_Problem description_
Only the lines below between the one holding "适合全国钢琴教师协会试听的钢" and the one holding "Und die westliche", inclusive, are to be reproduced word for word; the pictures are to be left out.

_Provided data_
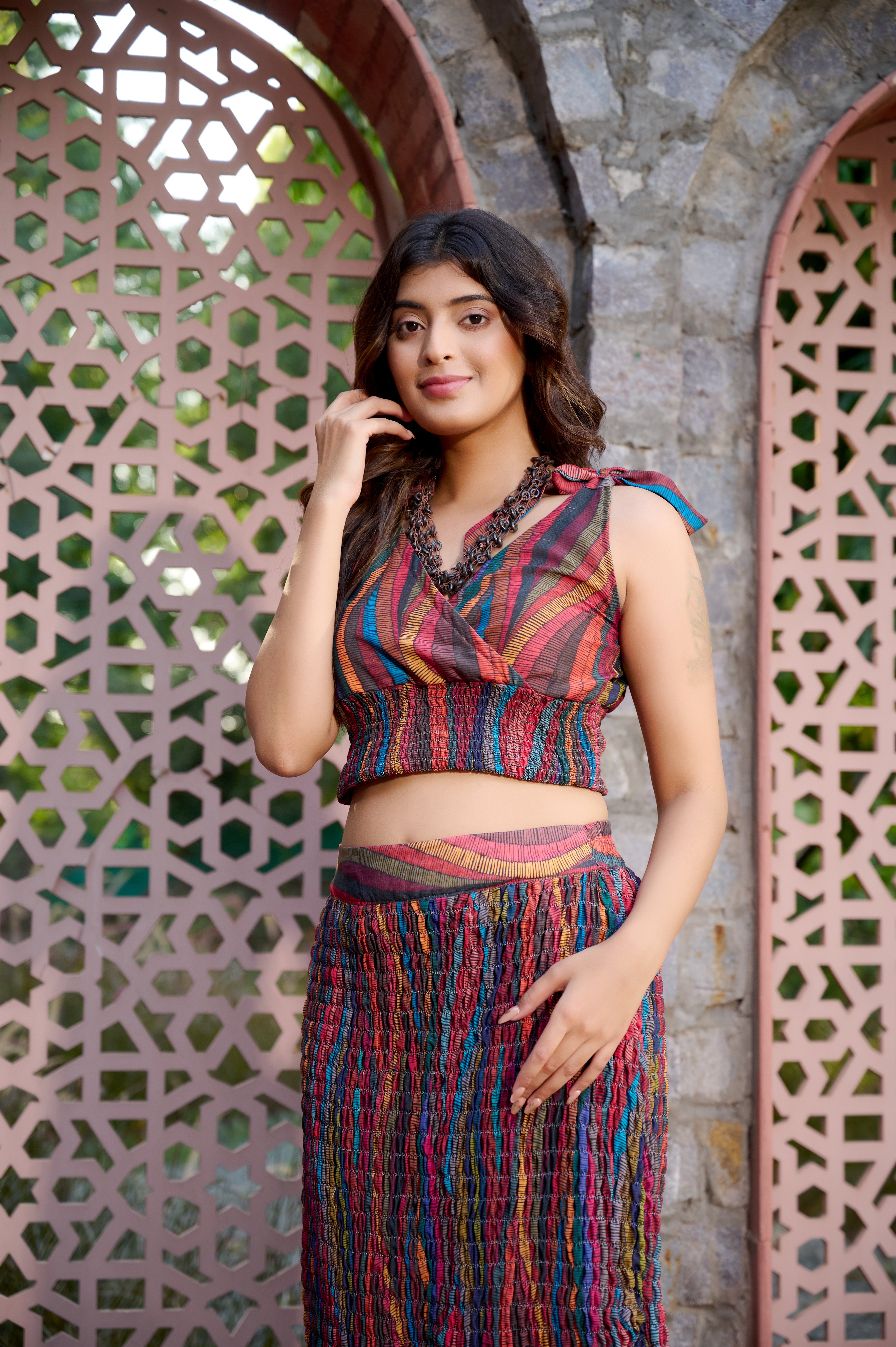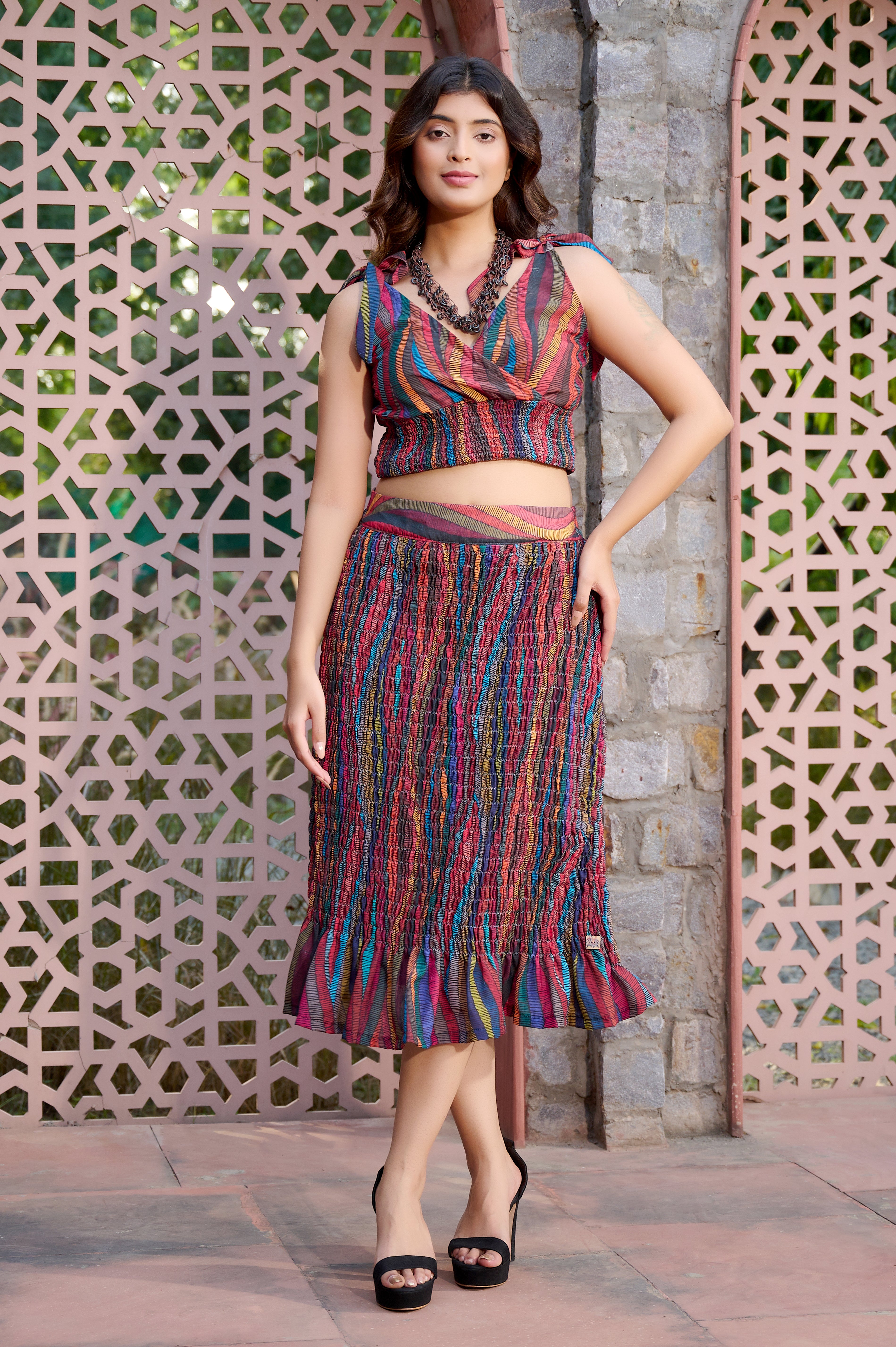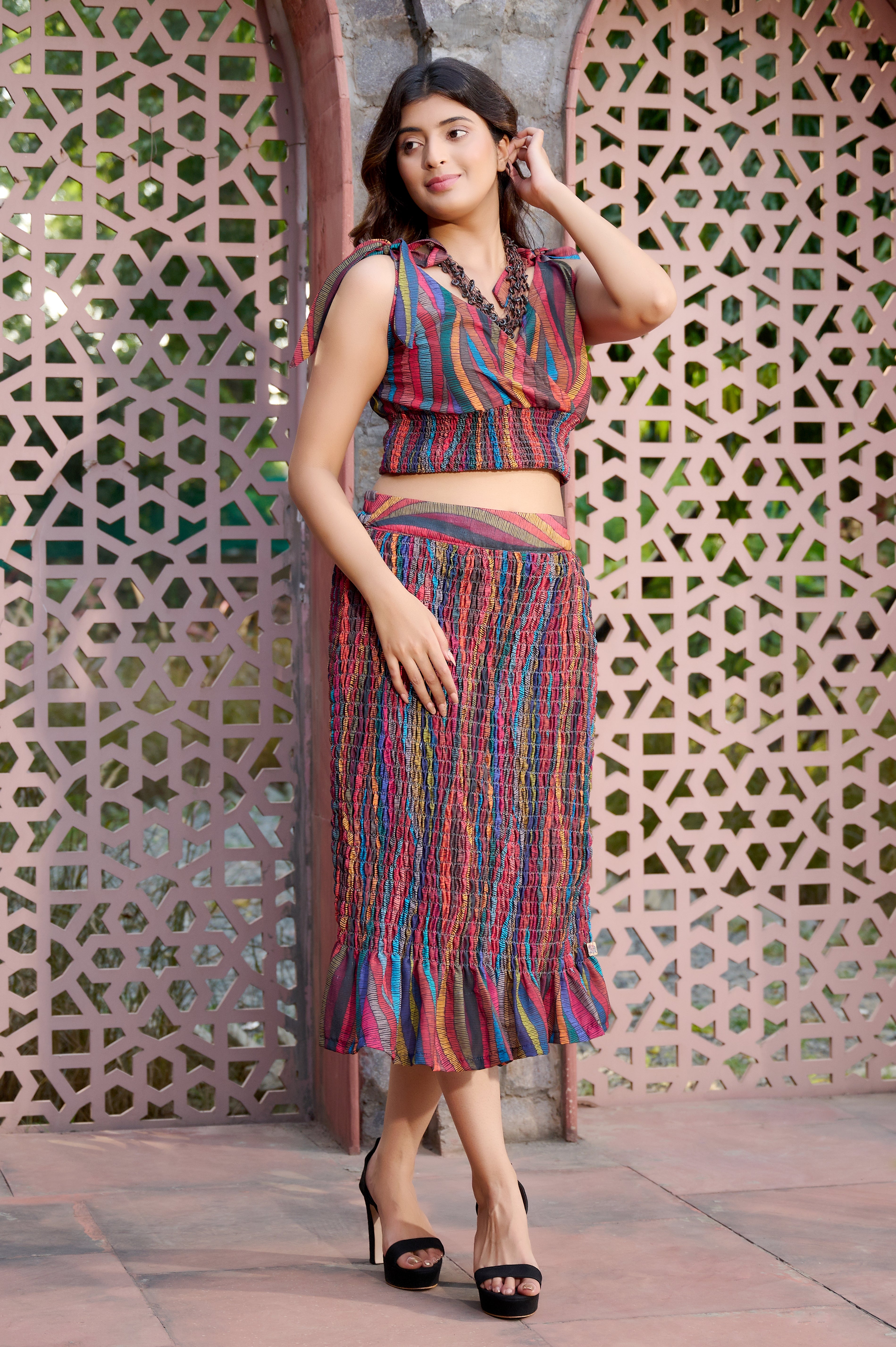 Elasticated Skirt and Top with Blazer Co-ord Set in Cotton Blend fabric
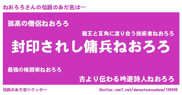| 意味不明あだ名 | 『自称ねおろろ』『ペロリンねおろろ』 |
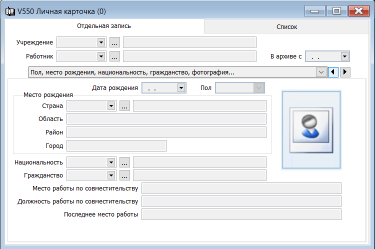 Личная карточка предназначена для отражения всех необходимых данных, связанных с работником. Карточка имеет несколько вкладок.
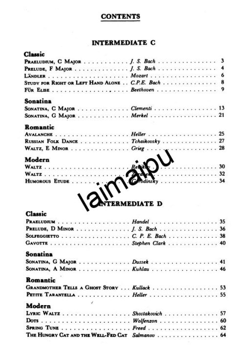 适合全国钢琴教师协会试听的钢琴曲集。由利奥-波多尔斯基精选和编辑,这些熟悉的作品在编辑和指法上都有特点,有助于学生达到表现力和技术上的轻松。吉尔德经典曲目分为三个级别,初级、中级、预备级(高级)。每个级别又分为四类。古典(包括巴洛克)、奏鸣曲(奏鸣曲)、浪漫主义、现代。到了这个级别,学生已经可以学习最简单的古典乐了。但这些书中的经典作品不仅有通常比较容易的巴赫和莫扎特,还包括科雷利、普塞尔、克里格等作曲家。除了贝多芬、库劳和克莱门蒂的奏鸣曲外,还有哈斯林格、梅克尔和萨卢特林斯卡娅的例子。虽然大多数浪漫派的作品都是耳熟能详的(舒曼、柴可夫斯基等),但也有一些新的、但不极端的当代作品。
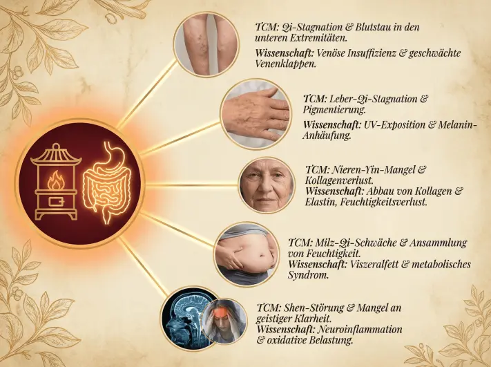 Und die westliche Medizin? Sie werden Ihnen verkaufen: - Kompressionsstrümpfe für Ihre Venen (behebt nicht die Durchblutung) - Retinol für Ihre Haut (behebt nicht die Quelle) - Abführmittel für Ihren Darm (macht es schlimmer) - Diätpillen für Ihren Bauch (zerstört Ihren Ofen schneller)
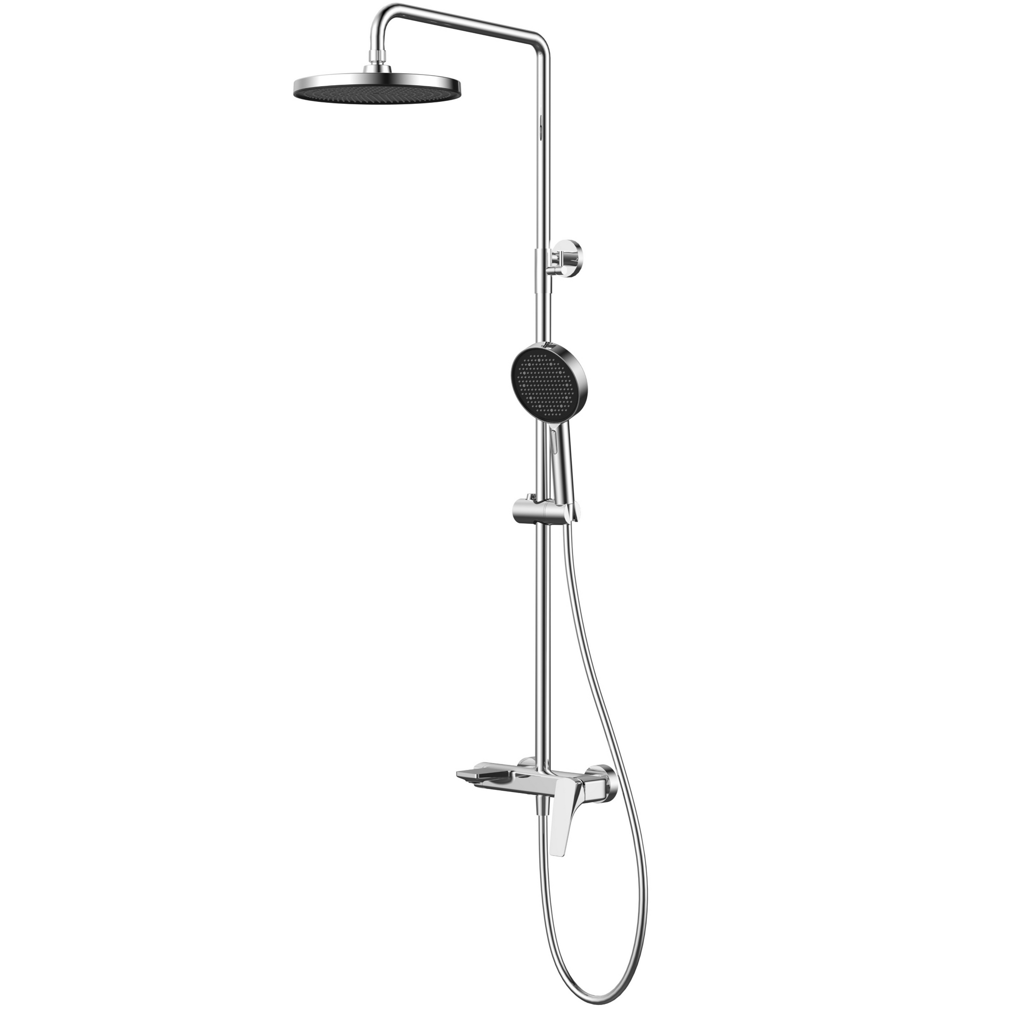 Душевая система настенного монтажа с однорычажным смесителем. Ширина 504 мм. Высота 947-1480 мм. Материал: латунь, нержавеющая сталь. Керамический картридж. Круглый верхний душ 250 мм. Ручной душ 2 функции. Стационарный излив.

_Task solution_
 适合全国钢琴教师协会试听的钢琴曲集。由利奥-波多尔斯基精选和编辑,这些熟悉的作品在编辑和指法上都有特点,有助于学生达到表现力和技术上的轻松。吉尔德经典曲目分为三个级别,初级、中级、预备级(高级)。每个级别又分为四类。古典(包括巴洛克)、奏鸣曲(奏鸣曲)、浪漫主义、现代。到了这个级别,学生已经可以学习最简单的古典乐了。但这些书中的经典作品不仅有通常比较容易的巴赫和莫扎特,还包括科雷利、普塞尔、克里格等作曲家。除了贝多芬、库劳和克莱门蒂的奏鸣曲外,还有哈斯林格、梅克尔和萨卢特林斯卡娅的例子。虽然大多数浪漫派的作品都是耳熟能详的(舒曼、柴可夫斯基等),但也有一些新的、但不极端的当代作品。
 Und die westliche Medizin? Sie werden Ihnen verkaufen: - Kompressionsstrümpfe für Ihre Venen (behebt nicht die Durchblutung) - Retinol für Ihre Haut (behebt nicht die Quelle) - Abführmittel für Ihren Darm (macht es schlimmer) - Diätpillen für Ihren Bauch (zerstört Ihren Ofen schneller)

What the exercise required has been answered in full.